Nitrogen prediction model of rice plant at panicle initiation stage using ground-based hyperspectral imaging: growing degree-days integrated model

• Published in: Precision agriculture Vol. 16; no. 5; pp. 558 - 570
• Main Authors: Onoyama, Hiroyuki, Ryu, Chanseok, Suguri, Masahiko, Iida, Michihisa
• Format: Journal Article
• Language: English
• Published: New York Springer US 01.10.2015; Springer Nature B.V
• Subjects: Agricultural production; Agriculture; Analytical chemistry; Atmospheric Sciences; Biomedical and Life Sciences; Chemistry and Earth Sciences; Computer Science; Crop science; Digital cameras; equations; heat sums; hyperspectral imagery; inflorescences; Irrigation water; least squares; Life Sciences; Nitrogen; nitrogen content; Physics; prediction; Prediction models; reflectance; Regression analysis; Remote sensing; Remote Sensing/Photogrammetry; Rice; soil; Soil conditioners; Soil Science & Conservation; Statistics for Engineering; Studies; temperature; variance; Vegetation; Japan; Paddy rice; Nitrogen content; Growing degree-days integrated model; Panicle initiation stage; Growing degree-days; Ground-based hyperspectral imaging
• ISSN: 1385-2256; 1573-1618
• DOI: 10.1007/s11119-015-9394-9

Ground-based hyperspectral imaging was applied to rice plants at the panicle initiation stage to estimate nitrogen content.

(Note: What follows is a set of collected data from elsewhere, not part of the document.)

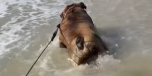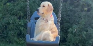 At se en stor Golden Retriever indtage samme positur har vist sig at være uimodståeligt for publikum.
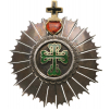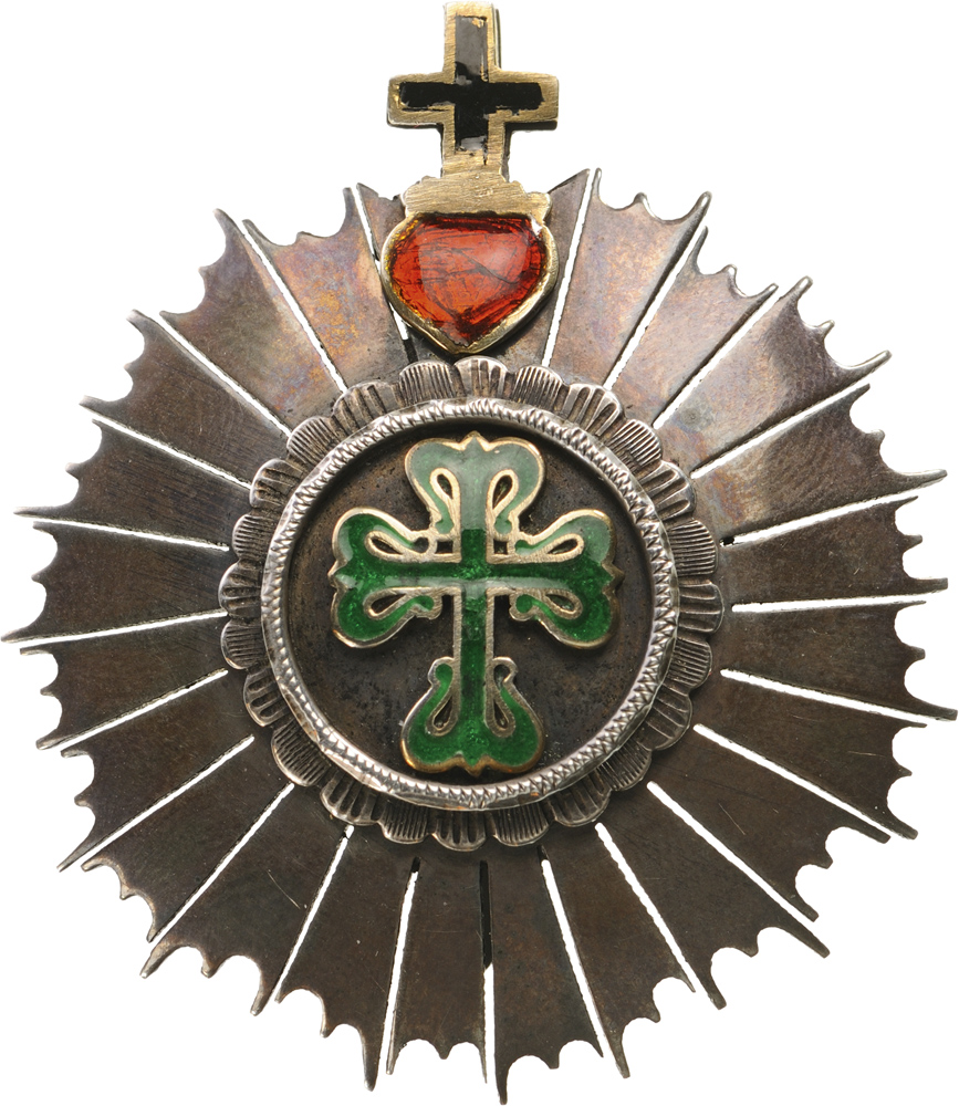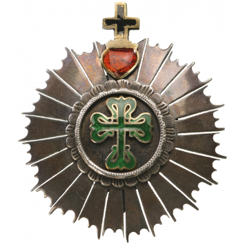 A first half of 19th century Breast Star of reduced size, 45x37 mm., smooth, grooved rays, Silver center medallion with the Order`s cross in green, translucent enamel, within a silver beaded and lobed outer circlet, the enameled sacred heart, made of yellow gold, surmounted by the cross, mounted to the stars upper ray, with a Biennais-type pin. A very early rare star, of the best jeweler’s quality in extremely fine condition! I RR!
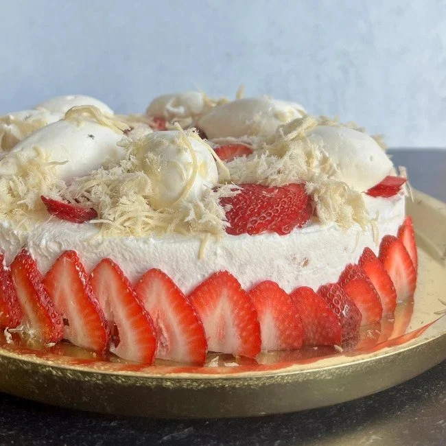 This is a light, 1 layer cake version frosted with plenty of whipped cream and fresh strawberries. Its fresh and sweet but not too sweet to share with family and friends. A great, classic vanilla cake that also works well with the fruit of the season!
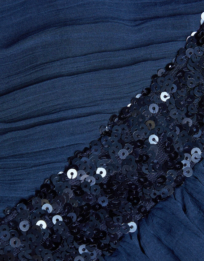 They’ll float like a fairy in this prom dress, designed in airy chiffon with pleated detail. Abigail’s asymmetrical straps and handkerchief hemline make for a perfect dancefloor piece. Blue
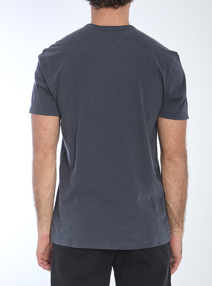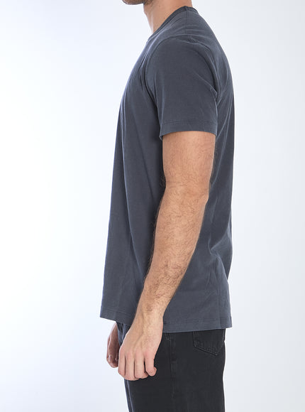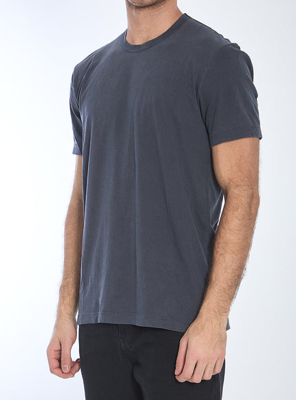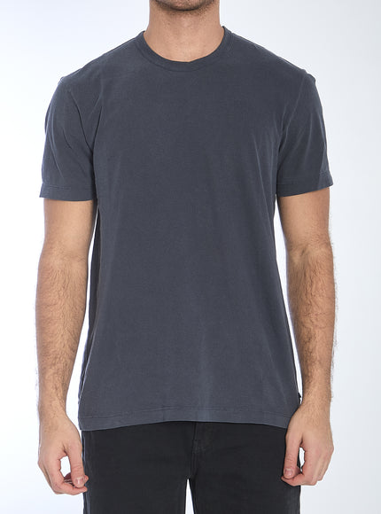 Short-sleeved crewneck t-shirt in blue combed cotton. Ribbed collar. Regular fit.

We developed a partial least squares regression (PLSR) model that incorporated both the reflectance and growing degree-days (GDD) to account for differences in growing temperature conditions across a 3-year period. The acquired images were divided into two components: (1) the rice plant and (2) other elements (e.g., irrigation water, soil background) by using the GreenNDVI − NDVI equation. Rice plant reflectance (Ref RICE) was calculated as the ratio of rice plant reflectance to that of a reference board. Three types of PLSR models were constructed: 1-year, 2-year, and 2-year GDD. Mutual estimation was used to infer the predictive power of the three models, which was calculated by estimating the values for the other years. The root mean square error of prediction (RMSE) of the mutual estimation for the 1- and 2-year PLSR models was high because of overestimation and underestimation. In contrast, the RMSE of the mutual estimation for the 2-year GDD PLSR models clearly decreased. It was inferred that hyperspectral imaging at 400–1000 nm could not predict variation in the amount of growth caused by weather variation expressed as GDD. This study indicates that the combination of reflectance and temperature data could be used to potentially construct an adaptable model to identify variance in growing conditions.